In the previous BCAM circuit design, the BCAM cell is typically constructed by nine-transistor structure as shown in Figure 56.2(a). There are some drawbacks in the conventional BCAM cell circuit.

(1) The BCAM cell requires nine transistors that consume large hardware cost. (2) The BCAM cell design uses the PTL-type XOR gate in the bit comparison circuit, the operating voltage of the BCAM cell circuit cannot be reduced efficiently. (3) The BCAM cell adopts XOR gate to perform bit comparison operation, the XOR gate demands more power consumption than the other standard gates such as NAND gate and NOR gate.

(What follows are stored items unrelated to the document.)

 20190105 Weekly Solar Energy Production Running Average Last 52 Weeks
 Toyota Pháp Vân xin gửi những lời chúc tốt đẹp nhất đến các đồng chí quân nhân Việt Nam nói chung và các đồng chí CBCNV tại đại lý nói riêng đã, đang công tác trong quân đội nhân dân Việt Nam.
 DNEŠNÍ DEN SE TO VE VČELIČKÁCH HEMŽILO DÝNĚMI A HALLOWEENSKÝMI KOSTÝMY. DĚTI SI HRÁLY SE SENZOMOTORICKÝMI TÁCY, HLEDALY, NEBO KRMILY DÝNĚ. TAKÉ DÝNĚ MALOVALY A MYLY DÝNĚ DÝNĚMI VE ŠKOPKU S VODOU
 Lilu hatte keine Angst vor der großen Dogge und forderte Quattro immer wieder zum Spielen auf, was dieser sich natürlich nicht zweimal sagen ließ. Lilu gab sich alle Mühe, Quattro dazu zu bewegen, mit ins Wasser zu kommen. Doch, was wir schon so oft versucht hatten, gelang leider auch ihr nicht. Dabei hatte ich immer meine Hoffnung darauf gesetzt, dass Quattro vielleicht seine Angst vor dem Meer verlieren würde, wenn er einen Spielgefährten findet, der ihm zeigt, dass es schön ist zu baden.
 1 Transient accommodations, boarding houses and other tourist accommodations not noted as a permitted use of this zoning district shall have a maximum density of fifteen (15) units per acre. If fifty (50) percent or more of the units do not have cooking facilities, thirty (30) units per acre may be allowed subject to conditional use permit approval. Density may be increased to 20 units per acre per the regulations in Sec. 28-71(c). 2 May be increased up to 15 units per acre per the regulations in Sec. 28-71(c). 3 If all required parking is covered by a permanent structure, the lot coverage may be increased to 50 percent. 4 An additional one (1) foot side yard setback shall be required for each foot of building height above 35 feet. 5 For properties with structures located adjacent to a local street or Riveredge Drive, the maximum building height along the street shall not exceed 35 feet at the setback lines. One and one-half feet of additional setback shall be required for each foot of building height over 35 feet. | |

Unlike the conventional BCAM cell design, the PB-CAM cell is a seven-transistor cell structure as shown in Figure 56.14. This cell incorporates a standard five-transistor D-latch device to store the input bit and a NAND-type bit comparison circuit containing two transistors M2 and M3 to drive a word match-line ML. To achieve low-voltage operation, the feedback inverter (INV 2) is a weak-driving design allowing the input data (BL) to be stored in the D-latch device easily. In the conventional BCAM cell design as shown in Figure 56.2, if the search data BL mismatches the stored data Q, then the word match line is VSS, else the word match line is floating. However, in the PB-CAM cell design, the data comparison function is different from that of the conventional BCAM cell design. The truth table of both conventional BCAM cell and PB-CAM cell are shown in Table 56.1 and Table 56.4, respectively. According to both truth tables, the comparison result of the PB-CAM cell does not meet the requirement of the conventional BCAM cell design when the search data BL is 0 and the stored data Q is 1. In this situation, the search data BL mismatches the stored data Q; however, the data comparison result of the PB-CAM cell is matched (since the match-line ML is floating).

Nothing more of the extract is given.